**Aim of the exercise:** For the material below, return exactly the lines starting at the line containing "2,0 HDMI-совместимый кабель" and ending at the line containing "依托华平的现场调度台、高清指", both ends included, and no others.

**Supplied records:**
+++

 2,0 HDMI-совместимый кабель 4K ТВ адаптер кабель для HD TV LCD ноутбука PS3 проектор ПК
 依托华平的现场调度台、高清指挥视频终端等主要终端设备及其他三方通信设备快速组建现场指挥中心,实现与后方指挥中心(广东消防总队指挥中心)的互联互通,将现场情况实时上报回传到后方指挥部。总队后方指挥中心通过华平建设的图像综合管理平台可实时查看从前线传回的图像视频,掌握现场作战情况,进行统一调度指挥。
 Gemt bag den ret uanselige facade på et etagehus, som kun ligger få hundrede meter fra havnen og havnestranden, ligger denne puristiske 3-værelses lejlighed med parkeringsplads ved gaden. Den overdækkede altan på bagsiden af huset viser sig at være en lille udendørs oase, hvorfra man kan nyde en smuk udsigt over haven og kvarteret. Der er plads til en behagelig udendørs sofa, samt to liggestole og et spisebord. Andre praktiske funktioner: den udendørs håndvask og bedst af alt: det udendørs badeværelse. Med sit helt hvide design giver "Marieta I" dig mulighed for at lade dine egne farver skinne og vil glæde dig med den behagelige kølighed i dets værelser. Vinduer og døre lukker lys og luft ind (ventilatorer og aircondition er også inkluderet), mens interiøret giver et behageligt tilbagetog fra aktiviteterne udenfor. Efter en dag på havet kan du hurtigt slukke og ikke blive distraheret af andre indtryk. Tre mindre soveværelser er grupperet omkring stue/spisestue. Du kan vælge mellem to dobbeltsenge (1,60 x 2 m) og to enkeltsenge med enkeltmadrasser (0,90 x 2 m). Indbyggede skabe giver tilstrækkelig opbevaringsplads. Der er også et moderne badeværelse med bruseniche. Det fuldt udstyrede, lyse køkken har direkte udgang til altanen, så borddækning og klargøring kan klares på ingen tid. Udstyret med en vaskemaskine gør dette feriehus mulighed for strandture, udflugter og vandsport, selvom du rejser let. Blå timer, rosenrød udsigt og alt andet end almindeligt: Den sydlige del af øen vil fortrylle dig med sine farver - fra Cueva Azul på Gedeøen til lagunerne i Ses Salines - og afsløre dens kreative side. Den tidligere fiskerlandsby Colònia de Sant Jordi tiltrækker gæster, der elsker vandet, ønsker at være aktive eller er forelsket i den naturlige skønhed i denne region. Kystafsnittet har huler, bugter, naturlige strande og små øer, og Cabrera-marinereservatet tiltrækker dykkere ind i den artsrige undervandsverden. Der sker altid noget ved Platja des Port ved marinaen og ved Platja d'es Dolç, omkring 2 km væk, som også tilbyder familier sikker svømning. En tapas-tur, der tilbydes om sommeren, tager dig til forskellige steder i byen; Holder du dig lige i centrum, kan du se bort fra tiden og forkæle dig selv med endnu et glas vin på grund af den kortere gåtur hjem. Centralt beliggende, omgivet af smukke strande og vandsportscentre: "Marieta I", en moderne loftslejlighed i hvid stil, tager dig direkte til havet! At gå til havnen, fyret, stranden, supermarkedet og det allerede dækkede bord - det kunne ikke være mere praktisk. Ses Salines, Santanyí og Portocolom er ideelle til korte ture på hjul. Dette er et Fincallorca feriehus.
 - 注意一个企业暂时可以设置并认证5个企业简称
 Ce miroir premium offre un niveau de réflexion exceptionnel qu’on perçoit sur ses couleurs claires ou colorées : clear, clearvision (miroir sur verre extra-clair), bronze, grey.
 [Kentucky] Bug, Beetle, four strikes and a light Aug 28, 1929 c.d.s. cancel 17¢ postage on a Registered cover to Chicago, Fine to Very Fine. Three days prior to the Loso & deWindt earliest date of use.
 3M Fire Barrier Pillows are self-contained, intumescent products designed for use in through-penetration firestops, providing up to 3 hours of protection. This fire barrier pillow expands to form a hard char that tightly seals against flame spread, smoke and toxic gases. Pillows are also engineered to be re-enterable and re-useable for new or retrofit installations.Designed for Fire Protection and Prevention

+++

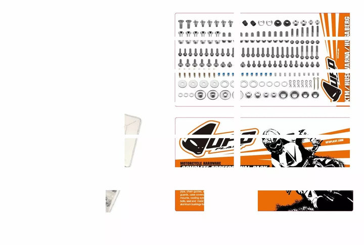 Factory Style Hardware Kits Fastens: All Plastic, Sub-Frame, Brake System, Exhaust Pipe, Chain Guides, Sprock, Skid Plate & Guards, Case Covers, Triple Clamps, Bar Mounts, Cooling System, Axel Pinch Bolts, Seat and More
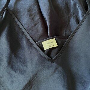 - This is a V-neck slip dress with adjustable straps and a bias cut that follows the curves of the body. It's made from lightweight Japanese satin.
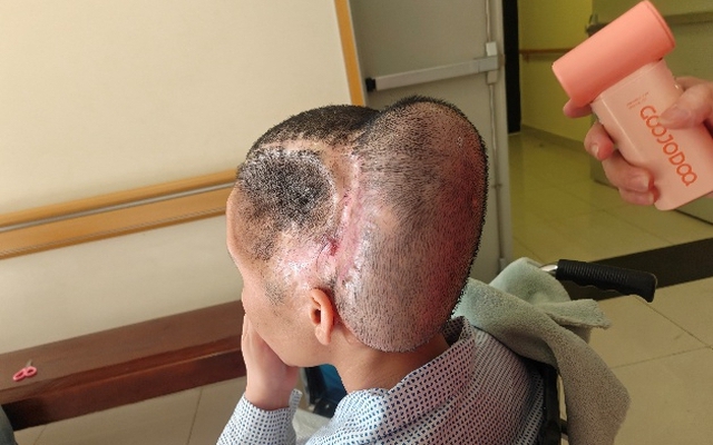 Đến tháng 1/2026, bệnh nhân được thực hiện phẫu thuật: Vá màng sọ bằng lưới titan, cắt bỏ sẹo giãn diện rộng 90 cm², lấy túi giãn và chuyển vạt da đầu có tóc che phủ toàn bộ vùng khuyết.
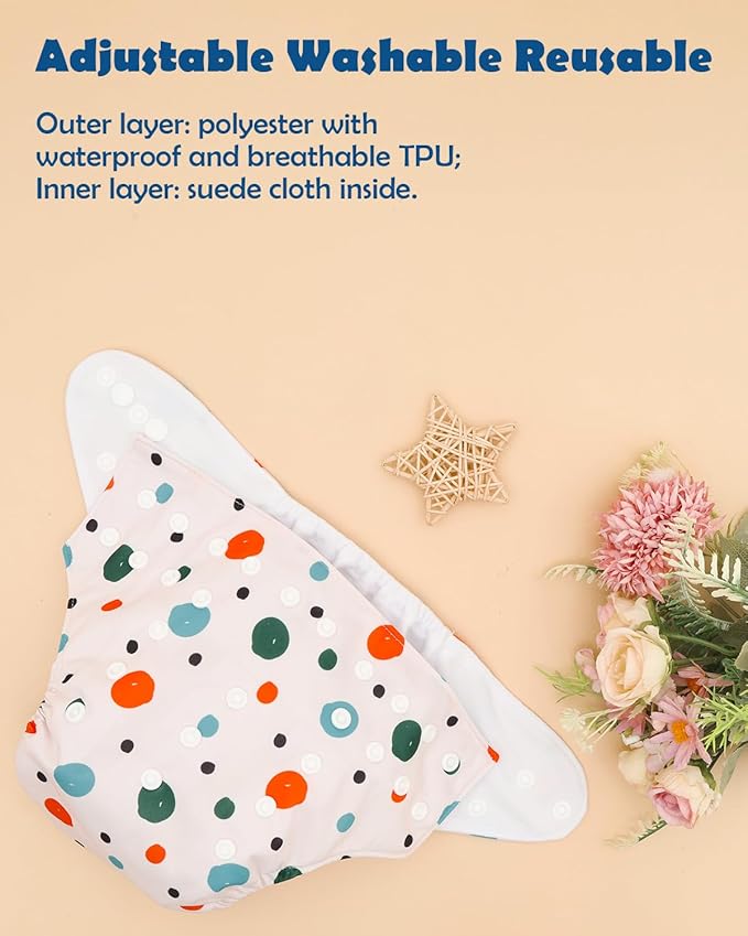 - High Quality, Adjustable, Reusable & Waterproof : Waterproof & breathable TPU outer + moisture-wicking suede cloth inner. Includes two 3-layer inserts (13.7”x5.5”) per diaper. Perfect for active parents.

+++

**Problem solution:**
 2,0 HDMI-совместимый кабель 4K ТВ адаптер кабель для HD TV LCD ноутбука PS3 проектор ПК
 依托华平的现场调度台、高清指挥视频终端等主要终端设备及其他三方通信设备快速组建现场指挥中心,实现与后方指挥中心(广东消防总队指挥中心)的互联互通,将现场情况实时上报回传到后方指挥部。总队后方指挥中心通过华平建设的图像综合管理平台可实时查看从前线传回的图像视频,掌握现场作战情况,进行统一调度指挥。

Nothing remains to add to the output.